From: Stevan Bajić <ste...@bajic.ch>
>To: "dspam-user@lists.sourceforge.net" <dspam-user@lists.sourceforge.net>
>Sent: Thursday, April 19, 2012 5:49 PM
>Subject: Re: [Dspam-user] Increase Spam Hit Rate
>
>
>Spam: 1.391985007296783157922995792876 %
>Ham: 98.608014992703216842077004207124 %
>
>This is crazy. You have about 70 times more Ham tokens in the
database than Spam tokens. Your tokens are totally unbalanced.
>
>But, that's a fact, right? It just means not that much spam, and, lots of
>hammy words, right? it does not indicate much wrong. I do classify every
>single spam.
Why do you set the training buffer to 3? Why not the 5 (the default)? Or why
not disabling it?
>>>>>
>>>>>
Oh, I don't remember any more. It was a while ago. At the time, I believe not a
single message was ever classified as SPAM, so, was experimenting during the
training period.
This sounds strange to me. I mean the fact that not a single message was EVER
classified as SPAM.
>>>
>>>
Well, the question is when was the first spame detected, i.e., after how many
false negatives. That I do not recall, so, it may not be too strange. It's jsut
why I had changed the setting to see what impact it might have had.
>>
>>
Did you run from the beginning with OSB or had you another tokenizer before?
>
>From the very first email, osb. But I also report to (gasp) spamcop, and, it
>does seem to remove spammers many times, but not always of course. For a
>couple cases, I even went to the pain of reporting to the data center and they
>did take care of it. So, done pretty well on the controlling front. And, like
>another suggested who said they don't even use dspam much, we do have a lot of
>anti-spam technology on the postfix end.
Probably would be a good idea if it was handled as hashed tables. I don't see
why everyone wouldn't want to ignore most of the headers. Most all of them are
useless.
>>
>>
As usual: People think the more data there is to process the better the engine
can decide which class a message is.
>I read in the past a document where they explicitly mentioned that
ignoring certain headers (like the date, message id, etc) would
slightly (1 digit percentage) increase the accuracy.
>
>I don't see how having useless data = better results (not you, "people"). I
>would think it would be more likely to give incorrect results, I am surpised
>by 1%.
>>
Right. But judging from your low Spam tokens from above I am not sure how much
that would be. Do you have a lot of Spam messages? If you want I can easily
provide you good quality Spam corpi with many (thousands) of Spam messages. For
example: One Spam corpus creator that I often use to check how well my DSPAM is
working has 414'731 Spam messages in his 2011 corpus, 38'807 for January 2012,
48'237 for February 2012, 49'178 for March 2012 and so far 20'705 for April
2012. Alone training with his data from year 2011 and the available data from
2012 would give you over a half Million spam mails to train with. Maybe I am
wrong but I would be surprised if you have that many data available to train
with.
>
>That would be the understatement of the century. I have all my spams going
>back to Jan 1 as it turns out. That would be all of 80 messages in my case,
>not quite adding up to hundreds of thousands, almost. ;-) Others on the system
>likely have more, but, I do not. Almost all of it is yahoo, hotmail spam.

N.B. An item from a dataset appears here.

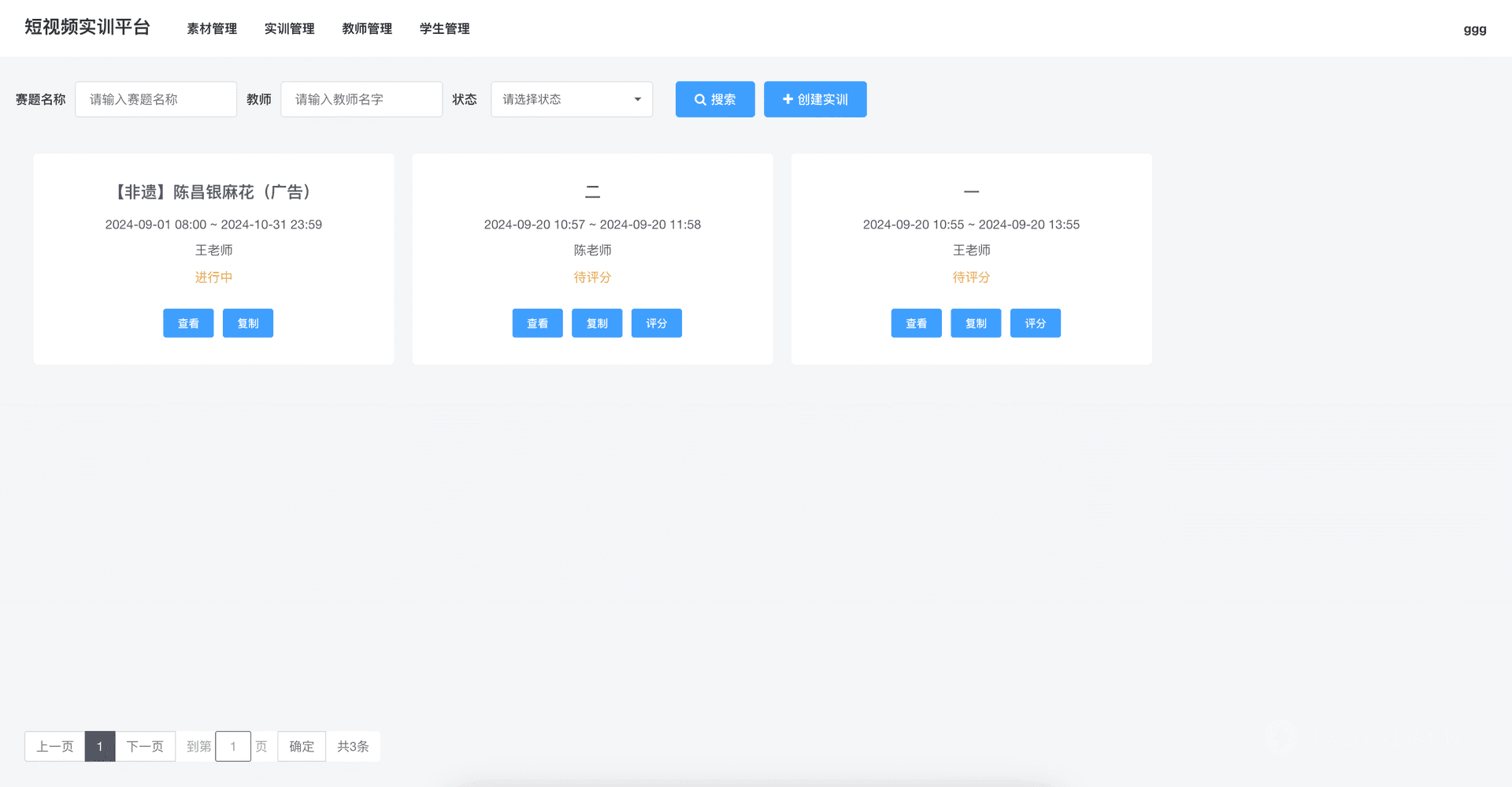 复制实训:支持复制实训项目,减少重新创建实训的庞大工作量。

I would *love* to have the corpus for 2011 and 2012. PLEASE, send them my way.
That would likely benefit the others. The question of course is how. Can I
download them from somewhere? Sounds too big to email. I can give you a FTP
site if you do not have a place to put them.
>Or if you want you could send me your Ham coprus and I can train
with my own made training method(*) and create for you a merged
group and export the SQL data and send it to you.
>
>If you give me the SPAM corpus, I can just run dspam_train on it (and I'd even
>add my 80). But it will be pretty unbalanced since I have few HAM messages
>since I only keep a month (maybe a few thousand messages). I am not sure that
>matters much? In the end, won't the detection still work, maybe biased towards
>SPAM at first, but, surely, it woudln't take too long to stop false positives?
Thanks in advance!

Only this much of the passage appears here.